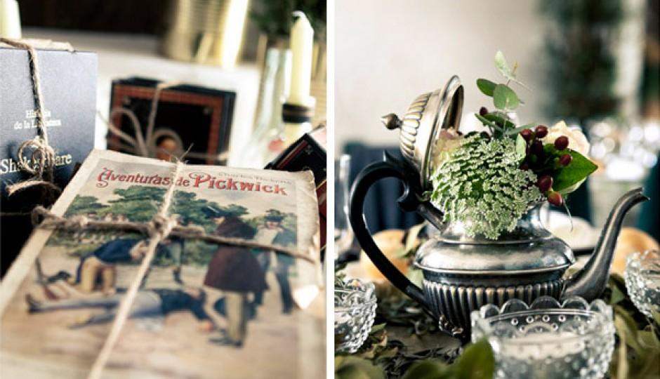 Libros antiguos, teteras,bandejas que componían el centro de las mesas, maletas para el setting plan, globos terraqueos para la mesa de tabaco , fotografías y otras tantas piezas encontradas por casa se funden en la decoración como preciosos bodegones.Plantas aromáticas como la lavanda el tomillo y el romero recolectadas en el monte por el propio padre de la novia, diseños de las etiquetas de los tarros de miel para regalar realizadas por un primo, hacen de la decoración y cada detalle algo personal y único. Con el valor añadido de la colaboración he implicación de familiares y amigos. ¿A qué es bonito?.
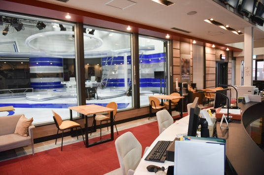 物語の舞台となる民放テレビ局JBNの報道番組『ニュースゲート』の報道フロアに、KANADEMONOのデスクやチェアを多数導入いただきました。
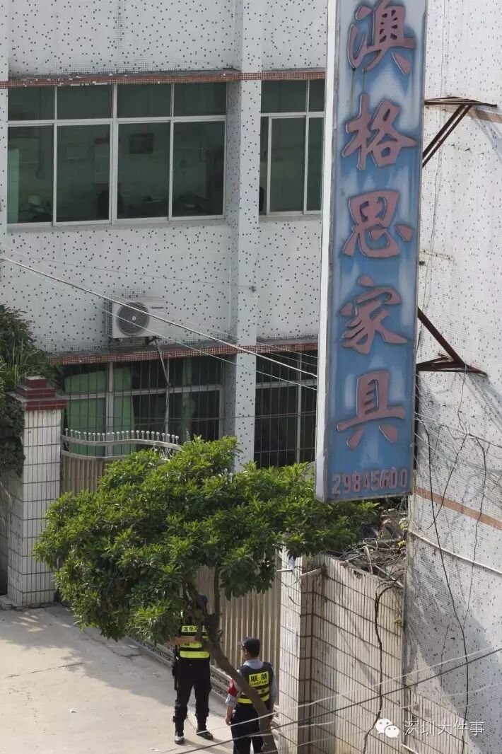 今天上午9时59分,龙华观澜惠民二路一家具厂内发生一起惨案,一名男子持刀捅伤三名女子后跳楼自杀死亡。
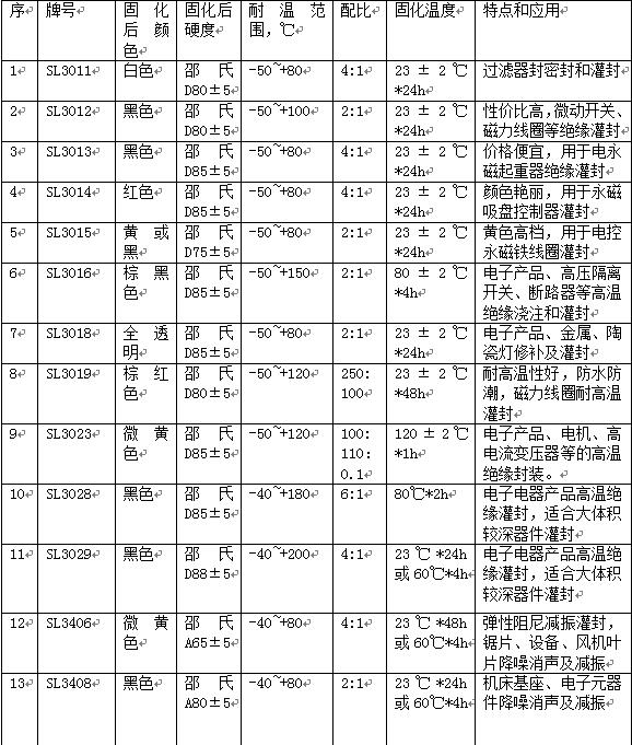 通過(guò)上表我們對(duì)于絕緣灌封膠的有了初步的了解,所以在做灌封膠的選擇時(shí)就會(huì)更懂得如何分辨,也知道耐溫等級(jí),以及固化后的硬度是關(guān)鍵,另外還要根據(jù)每個(gè)工廠實(shí)際的可以固化的操作工藝來(lái)選擇,如果不清楚也可以直接與世林的工程技術(shù)人員咨詢:0731-28612221。
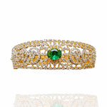 The piece is made is 92.5% silver and CZ Ad. It is finished with gold polish
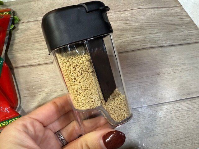 このボトルは中に仕切りがあって、粉末だしを入れてみると…。

- _ASSIGNMENT_: Write the lines from the line containing "通過(guò)上表我們對(d" through the last line of the data out again exactly, and only those lines; pictures stay out.

- _TASK RESPONSE_:
 通過(guò)上表我們對(duì)于絕緣灌封膠的有了初步的了解,所以在做灌封膠的選擇時(shí)就會(huì)更懂得如何分辨,也知道耐溫等級(jí),以及固化后的硬度是關(guān)鍵,另外還要根據(jù)每個(gè)工廠實(shí)際的可以固化的操作工藝來(lái)選擇,如果不清楚也可以直接與世林的工程技術(shù)人員咨詢:0731-28612221。
 The piece is made is 92.5% silver and CZ Ad. It is finished with gold polish
 このボトルは中に仕切りがあって、粉末だしを入れてみると…。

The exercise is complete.